== WORK TO BE COMPLETED ==
Skip the images and print the listing exactly.

== PROVIDED ENTRIES ==
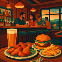 * Jetzt kann Peter das Abendessen mit seinen Freunden im Rising Sun Bar & Kitchen Palmyra genießen!
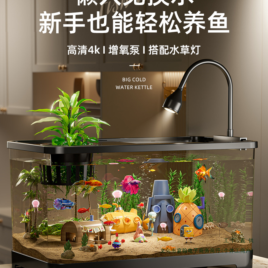 水槽エコ水族館プラスチック金魚水槽蓋付き透明リビングルーム小さな高級造園カメ水槽デスクトップ水槽
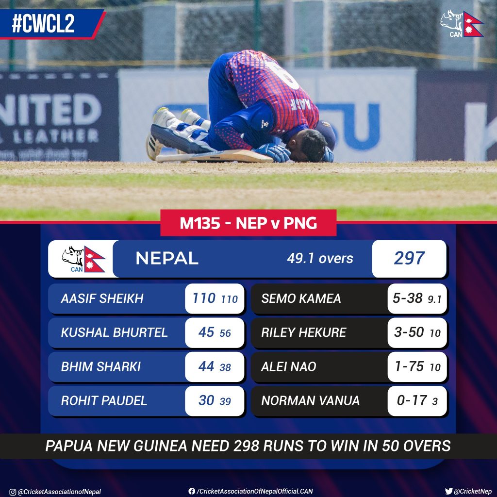 काठमाडौं । ओपनर ब्याटर आसिफ शेखको सानदार शतकमा नेपालले पपुवा न्युगिनीलाई विशाल लक्ष्य दिएको छ। बिहिबार टियु क्रिकेट मैदानमा टस हारेर ब्याटिङ थालेको नेपालले ४९.१ ओभरमा १० विकेट गुमाउँदै २९७ रन बनाएको हो ।
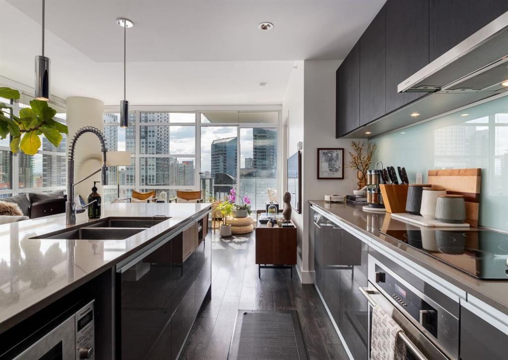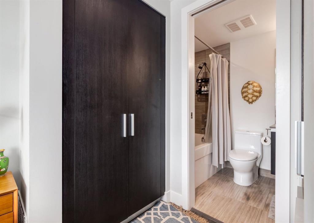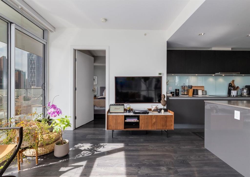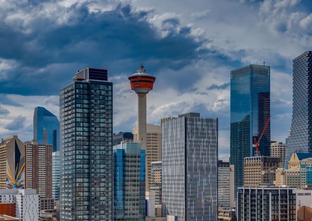 CITY & MOUNTAIN VIEWS from this stunning southwest corner unit! This bright and welcoming open-concept home is filled with natural light and offers 2 bedrooms, 2 full bathrooms, tandem titled parking for two vehicles, and a large balcony with breathtaking views you’ll enjoy every day. The modern kitchen features sleek cabinetry, stainless steel appliances including panelled refrigeration, quartz countertops, and plenty of storage. The primary bedroom easily fits a king-size bed and includes a walk-through closet with custom built-ins leading to a contemporary ensuite. The second bedroom is conveniently located next to a full 3-piece bathroom—perfect for guests, roommates, or a home office. Enjoy the perks of this executive concrete building, which offers concierge service, a fitness centre, party room, rooftop terrace, workshop, air conditioning, high-speed elevators, visitor parking, and a separate assigned storage locker. Impeccably maintained by its original owners, this move-in-ready home is also pet friendly (with board approval) and ideally located—just steps from Pixel Park, river pathways, the LRT, Stampede Grounds, Central Library, restaurants, cafes, shops, and groceries. Floor plans and a 3D tour are readily available, providing a glimpse into this stylish condo!
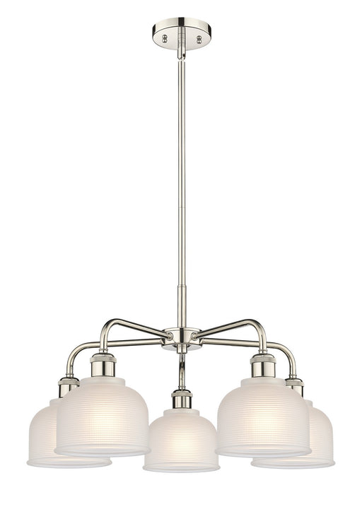 Dayton - 5 Light - 24 inch - Polished Nickel - White Shade - ChandelierDetails:Product Type: Glass DownFinish: Polished NickelShade: White DaytonRo...
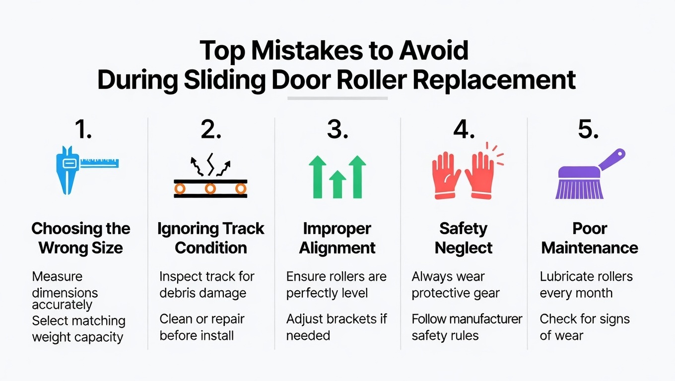 | Forkert rullestørrelse | Døren sidder mærkeligt, vil ikke låse, trækker stadig | Diameter/offset/belastningsklassificering uoverensstemmelse | Match rullespecifikationer til originalen; verificer hjuldiameter og husdybde |
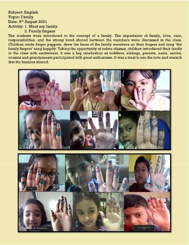 family fingers’ song happily. Taking the opportunity of online classes, children introduced their family
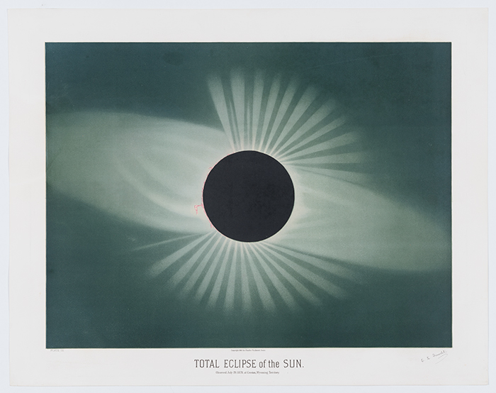 Étienne Trouvelot’s chromolithograph of the 1878 total solar eclipse that he observed in Creston, Wyoming Territory. The August 21, 2017, total solar eclipse will pass through Wyoming again. Jay T. Last Collection of Graphic Arts and Social History. The Huntington Library, Art Collections, and Botanical Gardens.
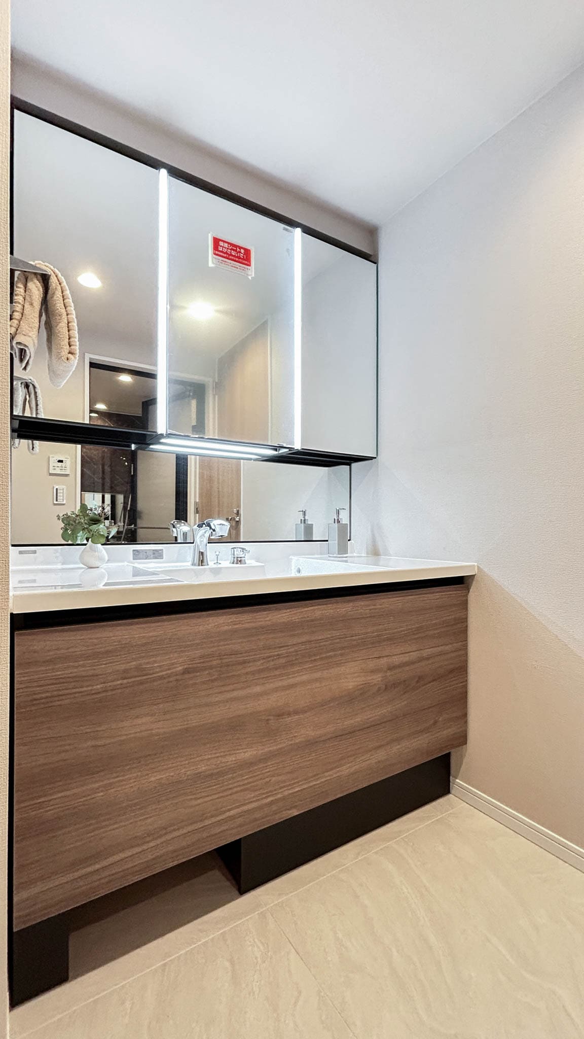 ブラックフレームがアクセントになっていてデザイン性が◎。三面鏡は中に化粧品などの小物が収納できるようになっているので使い勝手良好です。また、洗面ボウルとカウンターが一体型になっているのでお掃除が簡単です。背面側には、可動棚が設置されており、リネン類も収納可能。

== RESULT ==
 * Jetzt kann Peter das Abendessen mit seinen Freunden im Rising Sun Bar & Kitchen Palmyra genießen!
 水槽エコ水族館プラスチック金魚水槽蓋付き透明リビングルーム小さな高級造園カメ水槽デスクトップ水槽
 काठमाडौं । ओपनर ब्याटर आसिफ शेखको सानदार शतकमा नेपालले पपुवा न्युगिनीलाई विशाल लक्ष्य दिएको छ। बिहिबार टियु क्रिकेट मैदानमा टस हारेर ब्याटिङ थालेको नेपालले ४९.१ ओभरमा १० विकेट गुमाउँदै २९७ रन बनाएको हो ।
 CITY & MOUNTAIN VIEWS from this stunning southwest corner unit! This bright and welcoming open-concept home is filled with natural light and offers 2 bedrooms, 2 full bathrooms, tandem titled parking for two vehicles, and a large balcony with breathtaking views you’ll enjoy every day. The modern kitchen features sleek cabinetry, stainless steel appliances including panelled refrigeration, quartz countertops, and plenty of storage. The primary bedroom easily fits a king-size bed and includes a walk-through closet with custom built-ins leading to a contemporary ensuite. The second bedroom is conveniently located next to a full 3-piece bathroom—perfect for guests, roommates, or a home office. Enjoy the perks of this executive concrete building, which offers concierge service, a fitness centre, party room, rooftop terrace, workshop, air conditioning, high-speed elevators, visitor parking, and a separate assigned storage locker. Impeccably maintained by its original owners, this move-in-ready home is also pet friendly (with board approval) and ideally located—just steps from Pixel Park, river pathways, the LRT, Stampede Grounds, Central Library, restaurants, cafes, shops, and groceries. Floor plans and a 3D tour are readily available, providing a glimpse into this stylish condo!
 Dayton - 5 Light - 24 inch - Polished Nickel - White Shade - ChandelierDetails:Product Type: Glass DownFinish: Polished NickelShade: White DaytonRo...
 | Forkert rullestørrelse | Døren sidder mærkeligt, vil ikke låse, trækker stadig | Diameter/offset/belastningsklassificering uoverensstemmelse | Match rullespecifikationer til originalen; verificer hjuldiameter og husdybde |
 family fingers’ song happily. Taking the opportunity of online classes, children introduced their family
 Étienne Trouvelot’s chromolithograph of the 1878 total solar eclipse that he observed in Creston, Wyoming Territory. The August 21, 2017, total solar eclipse will pass through Wyoming again. Jay T. Last Collection of Graphic Arts and Social History. The Huntington Library, Art Collections, and Botanical Gardens.
 ブラックフレームがアクセントになっていてデザイン性が◎。三面鏡は中に化粧品などの小物が収納できるようになっているので使い勝手良好です。また、洗面ボウルとカウンターが一体型になっているのでお掃除が簡単です。背面側には、可動棚が設置されており、リネン類も収納可能。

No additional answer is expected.